Supplied records:
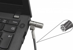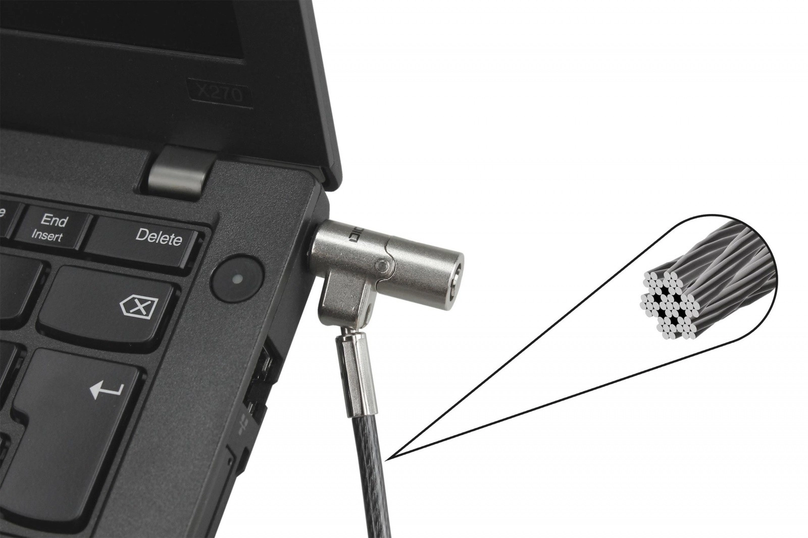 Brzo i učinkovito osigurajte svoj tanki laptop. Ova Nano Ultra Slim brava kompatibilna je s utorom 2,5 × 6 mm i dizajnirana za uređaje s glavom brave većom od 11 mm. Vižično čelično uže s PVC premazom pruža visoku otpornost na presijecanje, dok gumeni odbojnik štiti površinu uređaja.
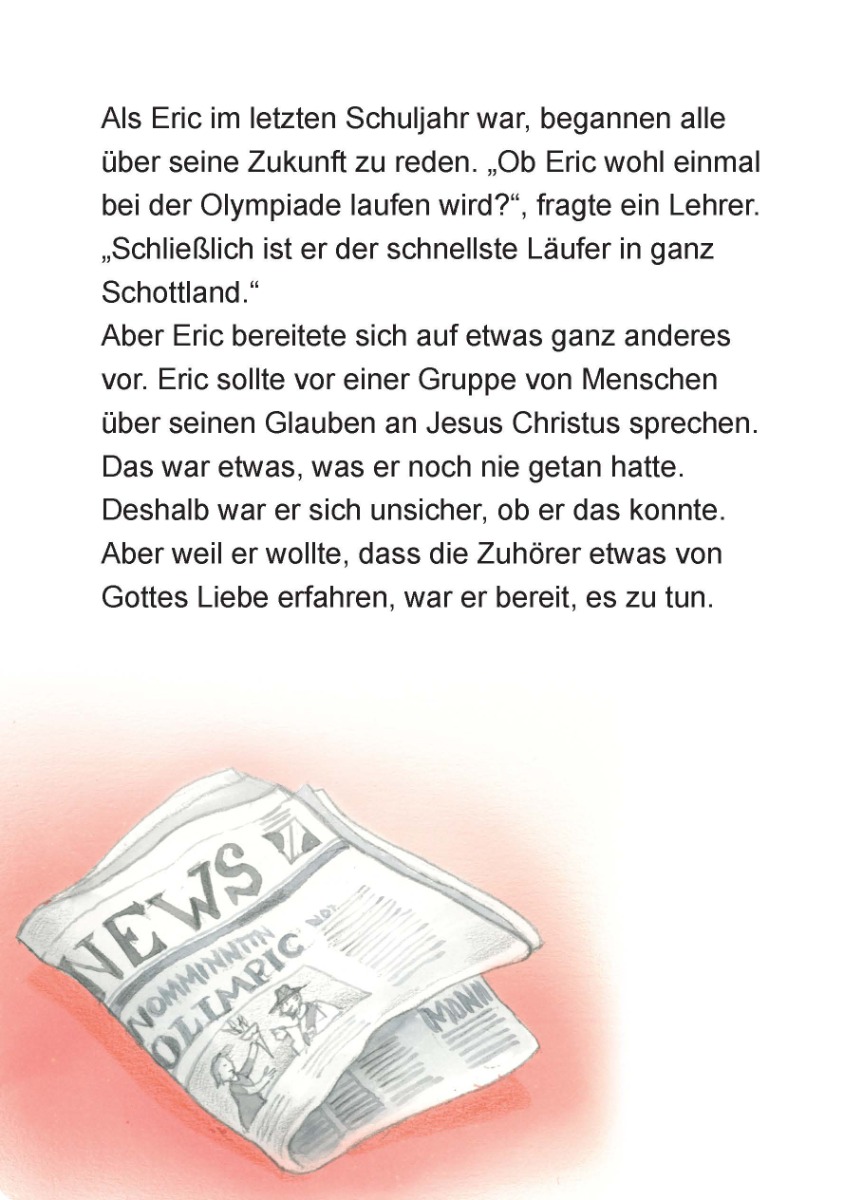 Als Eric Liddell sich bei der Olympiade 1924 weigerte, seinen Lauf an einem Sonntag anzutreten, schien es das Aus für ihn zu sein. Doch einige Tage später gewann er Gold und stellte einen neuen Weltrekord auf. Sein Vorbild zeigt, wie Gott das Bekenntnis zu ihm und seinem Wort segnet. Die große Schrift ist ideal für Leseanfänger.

==

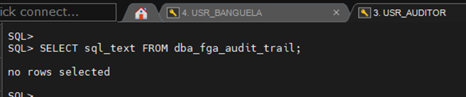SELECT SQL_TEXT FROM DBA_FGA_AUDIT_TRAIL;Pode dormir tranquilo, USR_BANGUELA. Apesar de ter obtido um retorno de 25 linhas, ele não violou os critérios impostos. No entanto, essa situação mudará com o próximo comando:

---

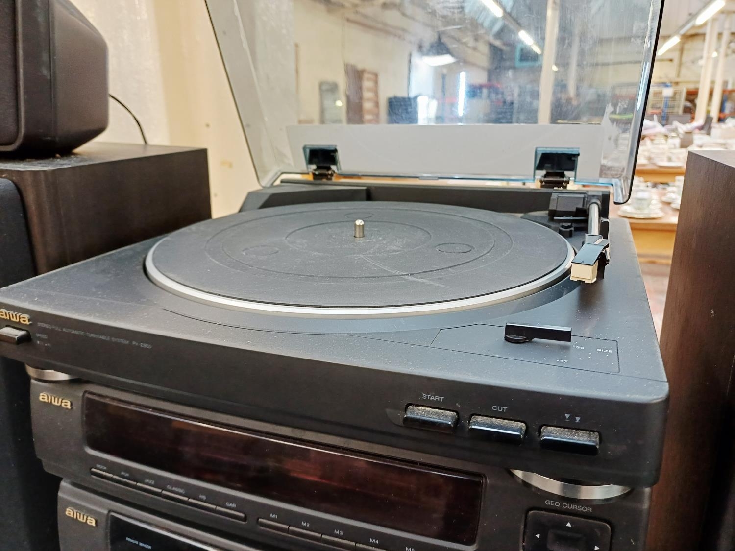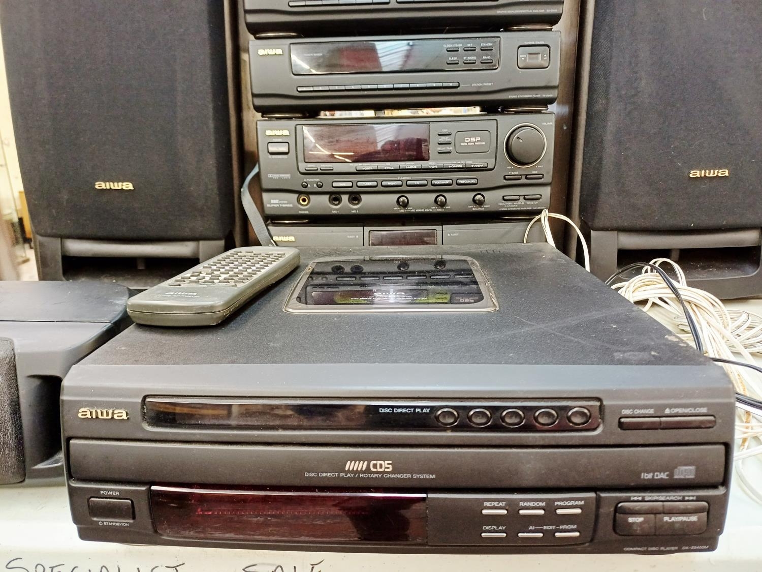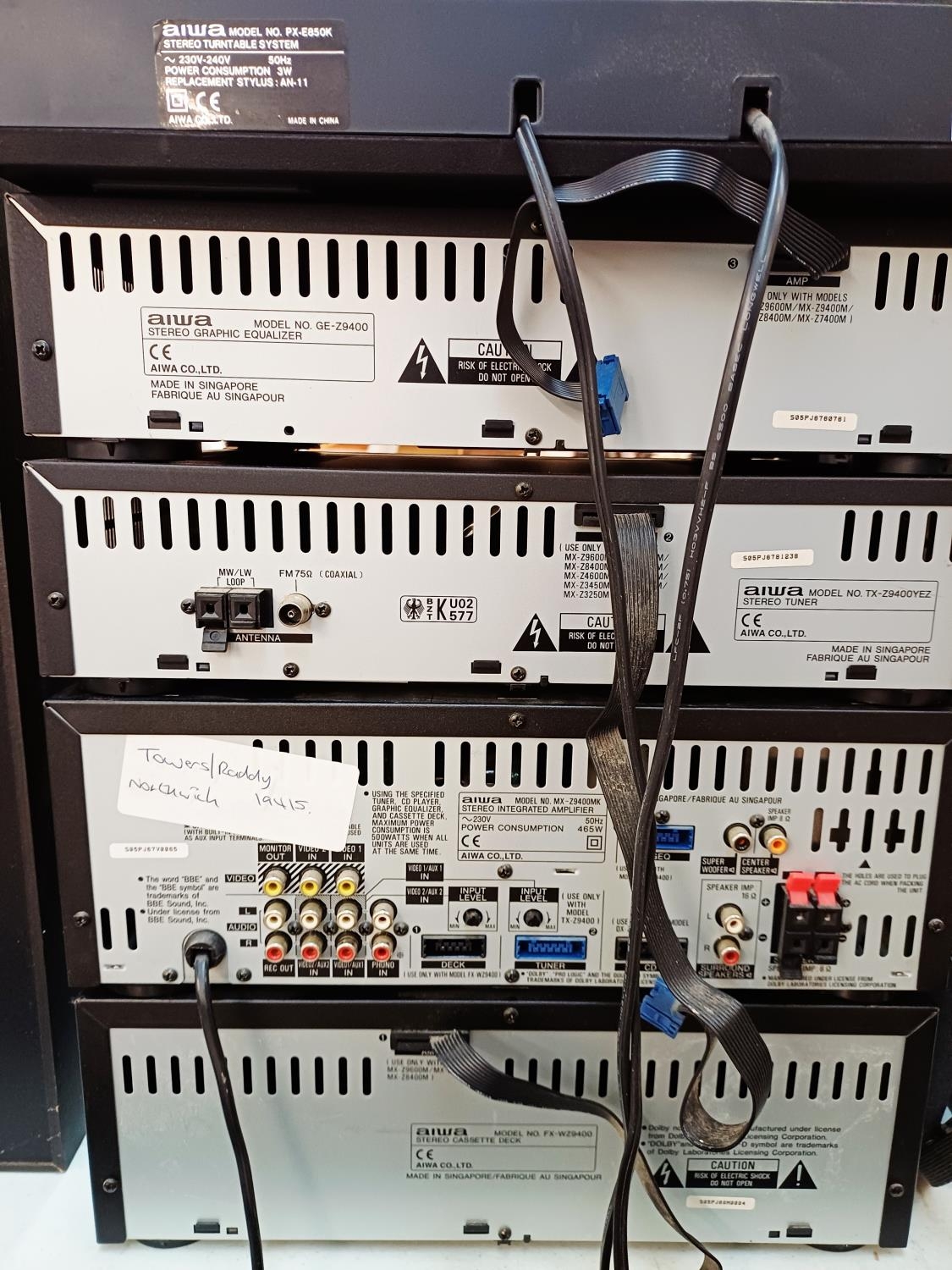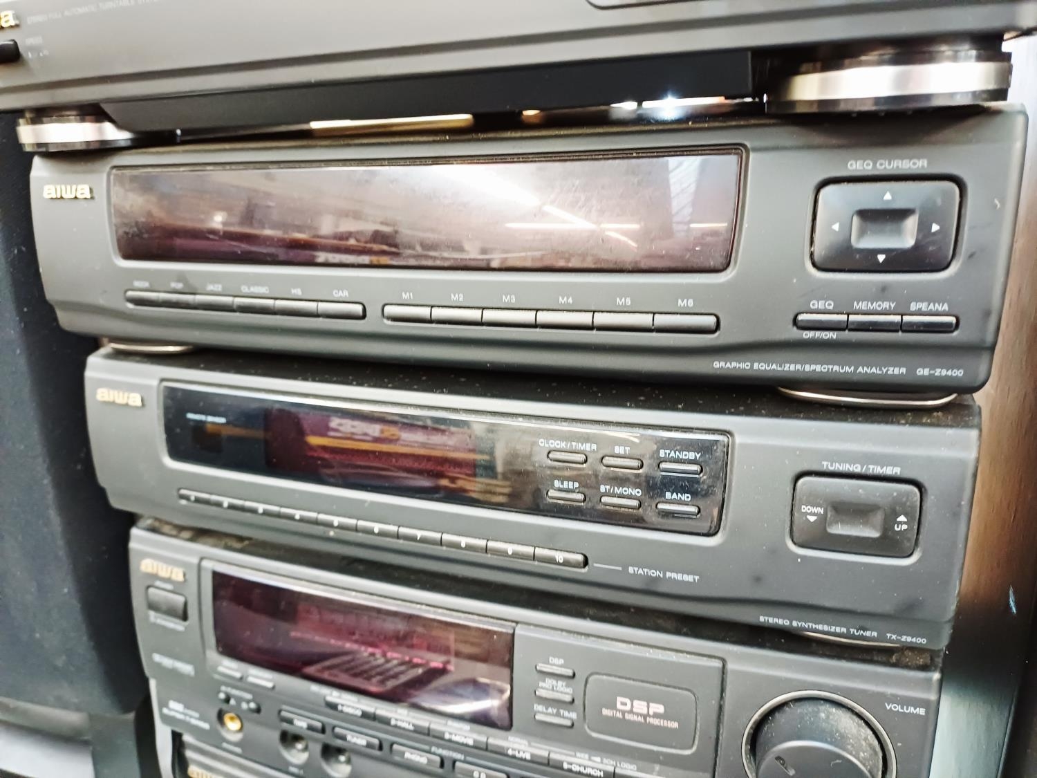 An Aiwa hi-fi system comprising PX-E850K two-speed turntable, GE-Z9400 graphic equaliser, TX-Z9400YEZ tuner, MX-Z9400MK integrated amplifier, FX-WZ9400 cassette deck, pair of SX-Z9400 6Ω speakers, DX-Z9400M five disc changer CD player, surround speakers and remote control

Task details: Reproduce, word for word, only the lines in the records above from the line with "Brzo i učinkovito" through the line with "Als Eric Liddell", including both ends; omit the pictures.

Response for this exercise:
 Brzo i učinkovito osigurajte svoj tanki laptop. Ova Nano Ultra Slim brava kompatibilna je s utorom 2,5 × 6 mm i dizajnirana za uređaje s glavom brave većom od 11 mm. Vižično čelično uže s PVC premazom pruža visoku otpornost na presijecanje, dok gumeni odbojnik štiti površinu uređaja.
 Als Eric Liddell sich bei der Olympiade 1924 weigerte, seinen Lauf an einem Sonntag anzutreten, schien es das Aus für ihn zu sein. Doch einige Tage später gewann er Gold und stellte einen neuen Weltrekord auf. Sein Vorbild zeigt, wie Gott das Bekenntnis zu ihm und seinem Wort segnet. Die große Schrift ist ideal für Leseanfänger.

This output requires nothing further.